Jason Ryle, Producer
Jason Ryle is an independent producer, curator and story editor, and the International Programmer for Australia, New Zealand, and Global Indigenous Cinema at the Toronto International Film Festival (TIFF). Through his mother, he is Anishinaabe and a member of Obushkudayang/Lake St. Martin First Nation in Manitoba, and has spent his career working within the Indigenous media arts community. From July 2010 to June 2020, Jason was the Executive Director of imagineNATIVE, an Indigenous-run organization mandated to support Indigenous filmmakers and media artists. In this capacity, Jason oversaw all operational and artistic activities of the annual imagineNATIVE Film + Media Arts Festival, the world’s largest showcase of Indigenous screen content. From 2013 until 2020, he was an Advisor for Indigenous films at the Berlinale, and from 2015 to 2020 he oversaw the Indigenous Cinema stand at the European Film Market. In February 2021, Jason received the Clyde Gilmour Award from the Toronto Film Critics Association. The award is bestowed to Canadians whose work has in some way enriched the understanding and appreciation of film in their native country.

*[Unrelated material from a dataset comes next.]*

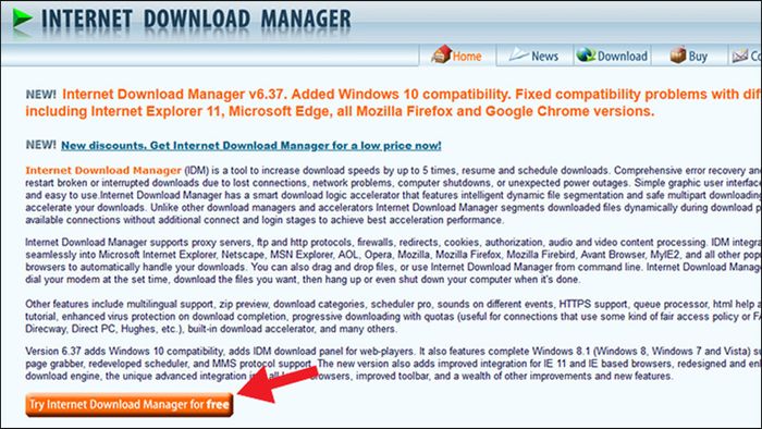 Truy cập trang chính thức của IDM và nhấn nút Thử IDM miễn phí để tải về máy tính.

Sheldon Chau, Cinematographer
Born in the San Gabriel Valley of Los Angeles, Sheldon developed a passion for movies as a child when his dad brought home Jackie Chan films via a local laserdisc rental store. Later as a teenager, he discovered that movies went beyond entertainment when both his drama teacher and artist uncle recommended films from the Criterion Collection. After college, Sheldon made a short documentary in which he interviewed his father and learned of his parents’ harrowing journey as part of the Chinese diaspora of boat people who fled Vietnam in the aftermath of the war; this cemented his commitment to storytelling. Sheldon holds a BA from UC Irvine in Film Studies and an MFA from NYU Tisch in filmmaking.

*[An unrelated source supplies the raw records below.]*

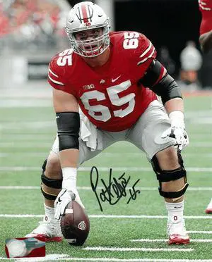 Pat Elflein signed Ohio State Buckeyes 8X10 Photo #65 (vertical/red jersey)
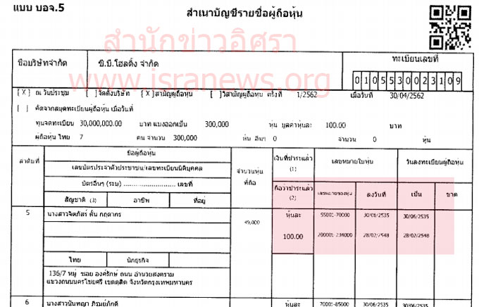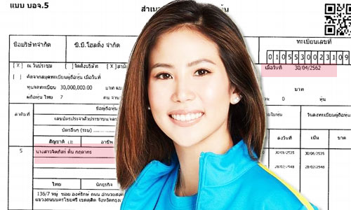 ‘ตั๊น-จิตภัสร์’โอนหุ้น บ.ซี.บี.โฮลดิ้งให้พ่อ ยื่นล่าสุด 1 ก.ค. ระบุลงทะเบียนผู้ถือหุ้น 4/1/62
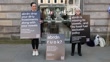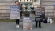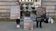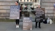 EDINBURGH, SCOTLAND - APRIL 24: Activists from Extinction Rebellion hold placards that read "abrdn: drop your dirty investments along with your vowels" and "abrn r u o k?" during a demonstration outside Abrdn's AGM on April 24, 2024 in Edinburgh, Scotland. Protesters gathered outside the annual general meeting of asset manager Abrdn today, criticising its financing of companies involved in fossil fuel expansion, including the Adani Group, a major coal developer. Abrdn is a significant investor in Adani's bonds. (Footage by Jeff J Mitchell/Getty Images)

Sheldon has screened at top festivals such as Cannes, Sundance, Toronto, Venice, and Berlin. His recent credits as cinematographer include: Pooja, Sir - a Nepalese police thriller that premiered at this year’s Venice FF; Demba - a Senegalese drama that premiered at this year’s Berlinale; Nafi’s Father - Senegal’s official entry to the 2021 Oscars about two warring brothers; and Enmity Djinn - the Mauritanian chapter of Netflix’s African Folktales Reimagined anthology. Sheldon is the winner of the ARRI Volker Bahnemann Award for Cinematography, a Visual Communications AWC Fellow, and part of the ASC Vision Mentorship program. Sheldon has specialized in shooting internationally and balancing both large- and guerrilla-sized crews. He loves learning new cultures and history, and continues to seek stories that are evocative, personal, and emotionally resonant.